The Quartet's Hypocrisy and Failure in Occupied Palestine
Middle East Quartet includes the US, EU, Russia and the UN

By Stephen Lendman

Global Research, January 7, 2009

The Middle East Quartet includes the US, EU, Russia and the UN. It was
formed in 2002 to seek "comprehensive security reform," mediate the
Israeli-Palestinian "peace process," address Occupied Palestine's deepening
humanitarian crisis, among other stated objectives.

On September 25, 21 aid and human rights organizations (called The Group
below) issued a damning report on the Quartet's performance. Well before
the current Gaza slaughter but with the Territory under siege, it cited:

-- a continuing humanitarian crisis among people struggling to meet their
basic needs;

-- increasingly dependent on aid as their livelihoods are destroyed; and
stressed that

-- the "only sustainable solution to the crisis is a comprehensive peace
settlement between Israelis and Palestinians based on international law."

It urged immediate steps be taken to relieve suffering; resolve intractable
issues; achieve an equitable peace agreement; improve Palestinians' lives;
and ensure they're treated equitably and justly.
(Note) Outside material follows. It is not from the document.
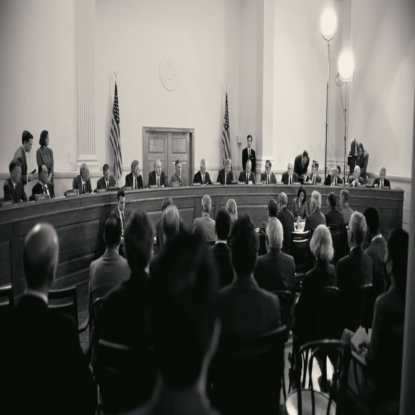 ●公聴会(アメリカ議会議事堂の公聴室で)

It cited "the lack of progress on key (Quartet) goals," and the hypocrisy
of its June 24, 2008 Berlin statement on the "urgent need for more visible
progress on the ground in order to build confidence and support progress in
the negotiations launched in Annapolis." It said no "visible progress"
materialized and, in fact, things have deteriorated: the Gaza siege;
settlement expansions; free movement and access restrictions; an an absence
of meaningful peace efforts - and now genocidal slaughter in Gaza.

The Quartet identified 2008 as a crucial year to meet specific goals and
obligations. So far they're unfulfilled with no prospect they will be in
the new year. It prompted The Group's critical report with recommendations
going forward for "swift" and "dramatic" action so far not undertaken.
Otherwise "it will be necessary to question what the future is for the
Middle East Quartet."

Middle East Online contributor Rami Khouri said "Let the Quartet Die (for)
provid(ing) cover for Israeli colonialism and its American guardians."
Instead of being an "impartial and decisive instrument of peace-making," it
served as a "fig leaf designed to hide American dominance of a diplomatic
process" primarily to serve Israeli interests. It's been a talking shop
with no teeth and acted against, not for, Palestinian rights. It was
highlighted by its failure:

-- to recognize Hamas' democratic election;

-- not demand that Israel respect international law;

-- halt its illegal settlement expansions;

-- refrain from using excessive force;

-- allow free movement and access; and

-- end its illegal occupation.

Khouri called the Quartet "a dishonest institution" and its special envoy
Tony Blair "the Diplomatic Olympics Gold Medal Winner for Political
Fraudulence." It should announce that it "failed (and must) withdraw
immediately," end its charade, and prevent any more damage than it's
already done.

Other Quartet critics voice similar sentiments. Among them John Dugard, the
UN Human Rights Council's Special Rapporteur on Palestine. He accused the
Quartet of being "heavily influenced" by the US. It "does itself little
good by remaining" one of its members. America has done nothing to protect
Palestinian civilians. It fails to address Israel's violations of
international human rights law, and it "should be playing the role of the
mediator," not siding with Fatah over Hamas.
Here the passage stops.